The disclosure and communication of the Licensor Phase1 IPR Repositories shall not be construed as granting, or transferring any Intellectual Property Rights to the Phase1 IPR Repositories, including but without limitation, any copyright, patent, utility model, trademark, trade secrets, or any other intellectual property rights, to the Licensee, except for the rights expressly provided herein.
The Phase1 IPR Repositories may be regarded as a trade secret pursuant to French regulation 2018-670 dated July 30, 2018, relating to protection of trade secrets.
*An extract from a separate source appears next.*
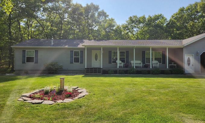 Located on a wooded lot just one mile outside of the town of Caseville on a private road, you will be able to enjoy many items nature has to offer. Drink your morning coffee on the porch while watching the deer graze in the yard, then take the golf cart down to the break wall for a little fishing, or to the beach for a walk!!! Summer nights would not be complete without spending some time under the stars around a bon fire!!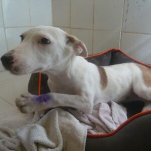 path of life : Moni had foud she screaming outside while the other dog trying to attacking her she had sent Alex from the clinic and he bringed her into the clinin with a little injury in her front left leg and she is now healing

No third party’s Intellectual Property Rights shall be considered, or construed as being granted, or transferred to Licensee under this Agreement.
Licensee represents and acknowledges that Licensee shall not remove, modify, or take any other action that may obscure, and/or remove the copyright and trademark notices contained in the Software Phase1 IPR Repositories in whole or in part, in machine readable form or in printed form.
Notwithstanding any other provisions of this Agreement, neither Party shall have the right under this Agreement to use the other Party's trademarks or trade name in connection with any product, service, promotion, public announcement, advertisement or other publication, without securing the prior written consent of such other Party.

ARTICLE 4 – FINANCIAL CONDITIONS
The Parties acknowledge that the cross-licenses granted under this Agreement have been valued using a consistent methodology and are deemed to have equivalent economic value. On this basis, the licenses are considered financially balanced.
For accounting and tax compliance purposes, and in accordance with applicable French regulations, the Parties shall issue reciprocal invoices to each other on the date of signature, each in the amount of €[***], covering the entire term of the licenses. Such invoicing shall be carried out in accordance with the applicable VAT rules.
For the avoidance of doubt, such cross-invoicing shall not give rise to any cash movement between the Parties, as the reciprocal receivables shall be offset in full.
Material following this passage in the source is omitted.